El domingo es argentino: un día que nos hace olvidar diferencias
Me llevó dos horas salir de la cama para llegar a la cocina y hacerme un jarrón de café con paltas y huevos revueltos. El sol de la mañana, mientras caminaba a Luna por la calle, comenzaba a anunciar el fin del invierno. Cuando Buenos Aires se viste de primavera muestra su mejor humor entre flores de jacarandá y los cambios de hábitos que abrazan los primeros calores. En La Boca, la mañana da su verdadero carácter de barrio antes de la llegada de los turistas al mediodía. En esas horas tempranas se disfruta del ir y venir de los lugareños, especialmente los domingos, cuando salen por un café o para hacer las ultimas compras en los almacenes para el almuerzo.
Me desperté con la indolencia del domingo. Me sentía bien, me había acostado tarde luego de una gira de trabajo, charlas y clases de cocina por distintos puntos del país. Las ocho horas de sueño me dejaron en forma, pero con la aguda pereza del descanso. Cada provincia esta llena de costumbres con rasgos culturales de nuestro país. Esas características se extienden y prosperan desde las zonas rurales hacia ciudades y pueblos, abrazando los gestos mismos de la vida, del amor y la cotidianidad.
Luego del viaje reflexioné sobre una de las cosas más admirables que compartimos todos los argentinos: aquella costumbre de sentarnos a la mesa, comer, conversar y disfrutar de largas sobremesas. Donde las migas del mantel parecen abrazar las servilletas sucias, donde las acaloradas discusiones de futbol nos hacen creer que vemos a los jugadores con el balón en la mesa, gambeteando sobre el mantel, sumados a recuerdos, nostalgia o política, presente y sueños.
Somos un conjunto de efervescencias a los que, a veces en bandos opuestos, los domingos nos hacen a todos tomarnos de la mano, olvidar diferencias y compartir.

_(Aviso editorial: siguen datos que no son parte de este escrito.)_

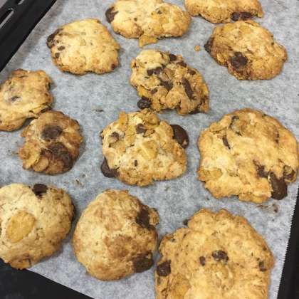 コーンフレークとチョコチップを加え、カリッとした食感になっています。
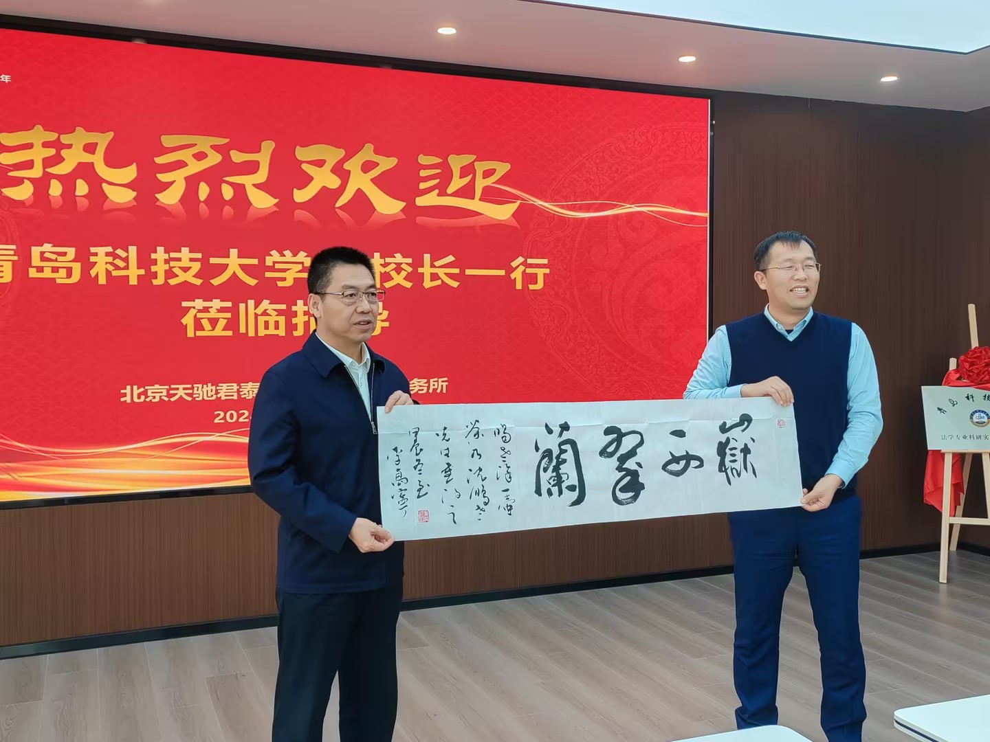 曲明与张文波共同为青岛科技大学法学专业科研实践教学基地揭牌,吕万翔向张文波校友赠送书法作品《岳西翠兰》,祝贺北京天驰君泰(杭州)律师事务所事业蒸蒸日上。
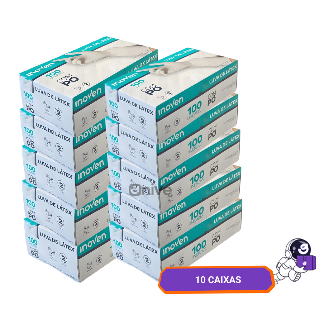 Kit Até 10 Caixas de Luva Látex Descartável Procedimento P M G Com Pó 500 a 1000 Unidades

No somos adustos para comer o conversar, sin importar si el mantel es de hule o lino; todos parecemos disfrutar y honrar ese hacer de palabras y bocados con la misma pasión. Ese día, la familia parece extenderse con amigos y vecinos, y el domingo pasa a ser de todos. Así educamos a nuestros hijos con aquel festejo honroso de almuerzo, donde la mesa agasaja a la familia y la amistad. Quizá para los niños este andar de charlas, amores, asados y ensaladas mixtas sea una enseñanza tan importante como la escuela, porque aquel hecho de encumbrar el compartir es un acto de respeto social que llevaremos en el corazón a lo largo de la vida. El patio, la parra y la parrilla son y serán siempre la fuente de unión de todos nosotros. Carbón o leña, tira de asado o churrasco, tinto con soda o vermú, picada de salame o empanadas, la vida parece unificarnos a todos en ese andar de sabores y palabras, con extensas sobremesas de pasión.
En los barrios, con la fresca de la mañana, el domingo se comienza con el baldeado de la vereda, las escobas con su ir y venir de aguas anuncian el almuerzo que sin lugar a dudas es el recreo más lindo de la semana. No es poco.
Este andar de domingos será siempre patrio y quizá debiéramos por una vez unir fuerzas para salir adelante de la misma forma que lo hacemos ese día, con aquel nudo sagrado que nunca se rompió, convicciones a flor de piel con el respeto que le tenemos al compartir.
Creo que para las próximas elecciones se debiera votar un lunes, así el domingo todos juntos, en un abrazo de almuerzo, encontramos la misma unión que nos representa en la mesa.
Solo tomarnos las manos. El país, su gente y nuestra geografía lo merecen, para reconstruir despacio.
Nada puede ser rápido, todos lo sabemos.